Der unerwünschte Showdown mit seinem Bruder war der unerfreuliche Schlusspunkt eines Wochenendes ohne viel Fortune für Ralf Schumacher. Zwei Unfälle, ein völlig zerstörter Dienstwagen und eine unverschuldete Zeitstrafe - so hatte die niederschmetternde Bilanz des 29 Jahre alten Toyota-Piloten bereits vor dem Start gelautet. "Das Glück wird noch kommen. Die Saison ist lang", sagte der Rheinländer, der immerhin unverletzt aus dem Wrack geklettert war.

Unweigerlich wurden bei dem Crash Erinnerungen an Schumachers bislang schwersten Unfall - am 20. Juni 2004 in Indianapolis - wach. Damals war er im BMW-Williams mit über 300 Stundenkilometern in die Begrenzungsmauer geprallt. Doch während seinerzeit eine Zwangspause von sechs Rennen folgte, kam er diesmal mit dem Schrecken davon. "Ich habe einen verspannten Nacken, das liegt aber daran, dass ich Seitenschläfer bin", sagte Ralf Schumacher. Bruder Michael atmete nach der Entwarnung auf: "Das sah auf den ersten Blick heftig aus."

Fortsetzung der Pannen- und Pechsträhne

Der von Ralf Schumacher mehrfach kritisierte Klassiker in den engen Straßen des Fürstentums war von Beginn an die Fortsetzung einer Pannen- und Pechsträhne.
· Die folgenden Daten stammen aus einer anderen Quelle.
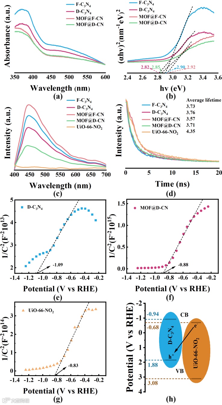 对UiO-66-NO2、g-C3N4和MOF@g-C3N4进行了Mott-Schottky (M-S)分析,确定了这些材料的平带电位(Vfb)。其中,导带(CB)电位相对于Vfb负0.15 V,带隙(Eg)已通过Kubelka-Munk图像确定(图1b)。因此,我们计算出UiO-66-NO2、g-C3N4和MOF@g-C3N4的价带(VB)。与g-C3N4相比,UiO-66-NO2的CB的负电荷更小(图1h),促进了电子从UiO-66-NO2的CB向g-C3N4的VB转移,说明了Z-scheme机制。

Nachdem er in Imola in der Boxengasse Nick Heidfeld behindert und deshalb aus den Punkterängen gefallen war, bremste ihn in Monaco Reifenhersteller Michelin frühzeitig aus. Wegen eines nicht gekennzeichneten neuen linken Vorderreifens bekam er eine Zeitstrafe von einer halben Sekunde aufgebrummt. "Das war nicht sehr erfreulich", befand er, auch wenn von Michelin postwendend das Pardon für den peinlichen Patzer kam.

Auf dem Stadtkurs in Monaco hatte sich Ralf Schumacher vor fünf Jahren bei einem Unfall eine tiefe Schnittwunde im Unterschenkel zugezogen. Im Vorjahr war ihm nach einem Getriebeproblem im Tunnel der nun in der WM-Wertung führende Spanier Fernando Alonso ins Auto gekracht. Kein Wunder, dass er nach der Attacke seine Bruders so heftig reagierte.